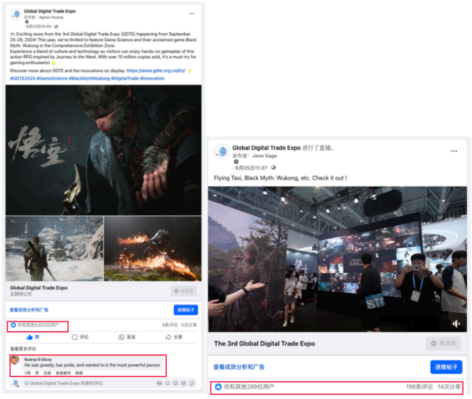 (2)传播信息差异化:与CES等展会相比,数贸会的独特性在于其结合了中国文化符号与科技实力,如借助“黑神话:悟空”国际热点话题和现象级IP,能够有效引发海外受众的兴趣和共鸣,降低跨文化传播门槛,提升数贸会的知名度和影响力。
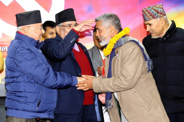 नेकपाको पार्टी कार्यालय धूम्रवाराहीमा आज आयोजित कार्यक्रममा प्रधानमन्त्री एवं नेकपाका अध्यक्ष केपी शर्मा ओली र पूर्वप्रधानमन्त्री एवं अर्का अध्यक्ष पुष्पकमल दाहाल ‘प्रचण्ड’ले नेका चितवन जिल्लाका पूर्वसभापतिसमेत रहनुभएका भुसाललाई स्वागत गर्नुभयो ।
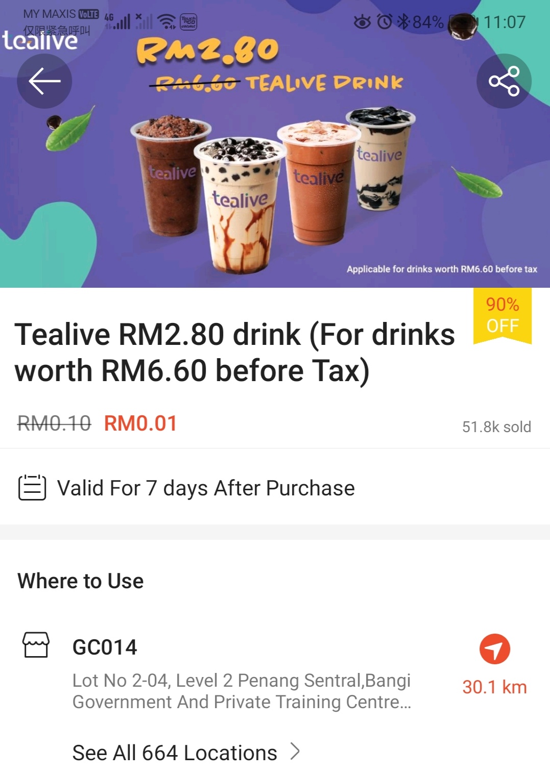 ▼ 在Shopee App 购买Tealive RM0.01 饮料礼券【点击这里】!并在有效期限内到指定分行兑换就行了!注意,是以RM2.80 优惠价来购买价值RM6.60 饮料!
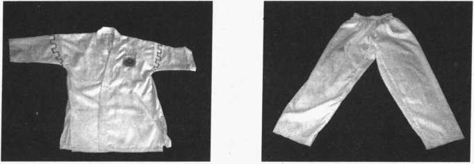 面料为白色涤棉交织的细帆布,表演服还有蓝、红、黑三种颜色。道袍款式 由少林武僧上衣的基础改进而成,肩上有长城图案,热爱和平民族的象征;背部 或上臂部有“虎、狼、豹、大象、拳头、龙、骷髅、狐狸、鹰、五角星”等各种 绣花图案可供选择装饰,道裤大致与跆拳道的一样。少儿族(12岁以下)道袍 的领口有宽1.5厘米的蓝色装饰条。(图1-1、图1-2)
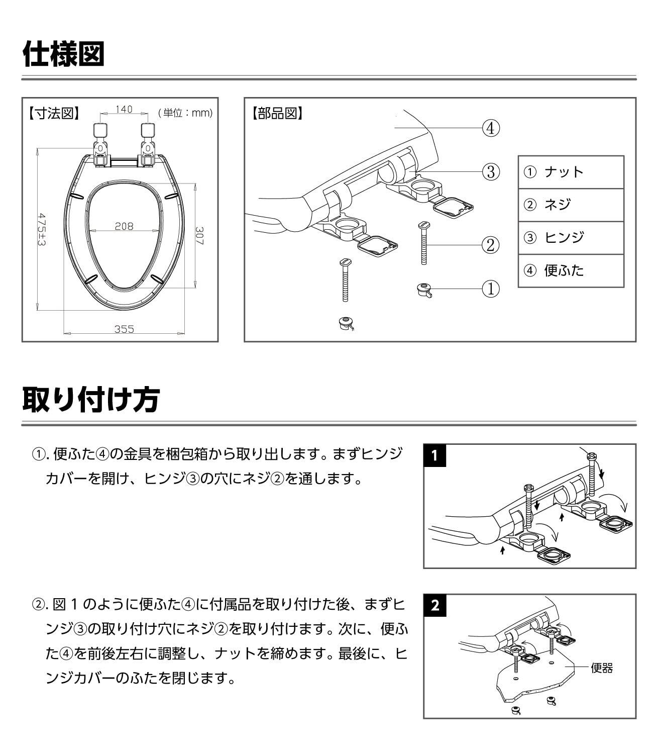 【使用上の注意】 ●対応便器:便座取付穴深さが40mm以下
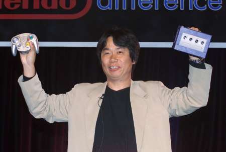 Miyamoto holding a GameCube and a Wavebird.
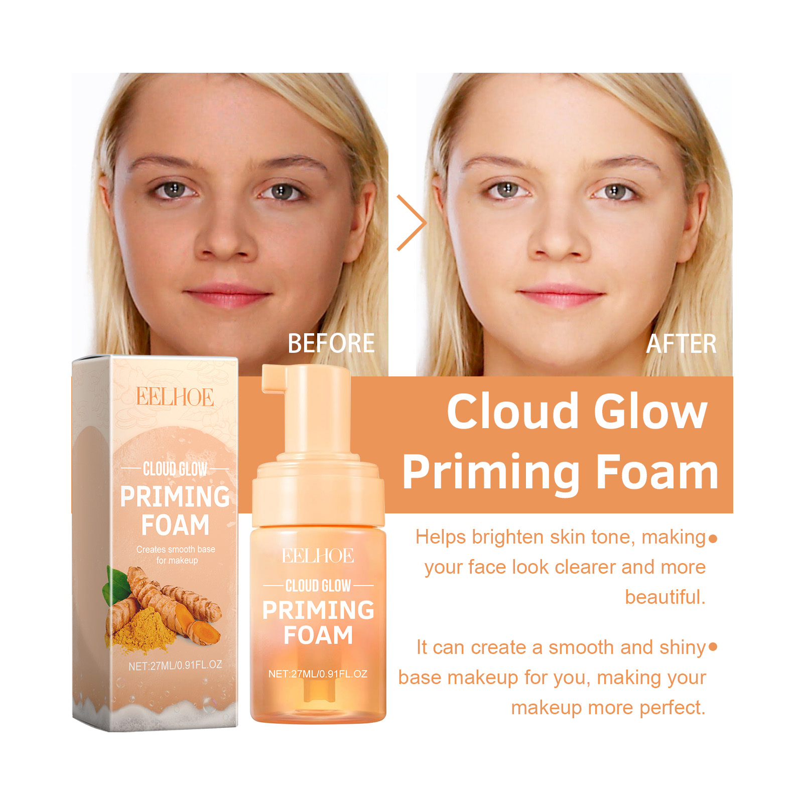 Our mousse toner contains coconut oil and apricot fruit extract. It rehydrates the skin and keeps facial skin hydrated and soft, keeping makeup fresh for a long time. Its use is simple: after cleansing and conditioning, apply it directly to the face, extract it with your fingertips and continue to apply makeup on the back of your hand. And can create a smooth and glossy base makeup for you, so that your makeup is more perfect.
**********
Give back all entries exactly. No pictures belong in the copy.

_Your solution_
 (2)传播信息差异化:与CES等展会相比,数贸会的独特性在于其结合了中国文化符号与科技实力,如借助“黑神话:悟空”国际热点话题和现象级IP,能够有效引发海外受众的兴趣和共鸣,降低跨文化传播门槛,提升数贸会的知名度和影响力。
 नेकपाको पार्टी कार्यालय धूम्रवाराहीमा आज आयोजित कार्यक्रममा प्रधानमन्त्री एवं नेकपाका अध्यक्ष केपी शर्मा ओली र पूर्वप्रधानमन्त्री एवं अर्का अध्यक्ष पुष्पकमल दाहाल ‘प्रचण्ड’ले नेका चितवन जिल्लाका पूर्वसभापतिसमेत रहनुभएका भुसाललाई स्वागत गर्नुभयो ।
 ▼ 在Shopee App 购买Tealive RM0.01 饮料礼券【点击这里】!并在有效期限内到指定分行兑换就行了!注意,是以RM2.80 优惠价来购买价值RM6.60 饮料!
 面料为白色涤棉交织的细帆布,表演服还有蓝、红、黑三种颜色。道袍款式 由少林武僧上衣的基础改进而成,肩上有长城图案,热爱和平民族的象征;背部 或上臂部有“虎、狼、豹、大象、拳头、龙、骷髅、狐狸、鹰、五角星”等各种 绣花图案可供选择装饰,道裤大致与跆拳道的一样。少儿族(12岁以下)道袍 的领口有宽1.5厘米的蓝色装饰条。(图1-1、图1-2)
 【使用上の注意】 ●対応便器:便座取付穴深さが40mm以下
 Miyamoto holding a GameCube and a Wavebird.
 Our mousse toner contains coconut oil and apricot fruit extract. It rehydrates the skin and keeps facial skin hydrated and soft, keeping makeup fresh for a long time. Its use is simple: after cleansing and conditioning, apply it directly to the face, extract it with your fingertips and continue to apply makeup on the back of your hand. And can create a smooth and glossy base makeup for you, so that your makeup is more perfect.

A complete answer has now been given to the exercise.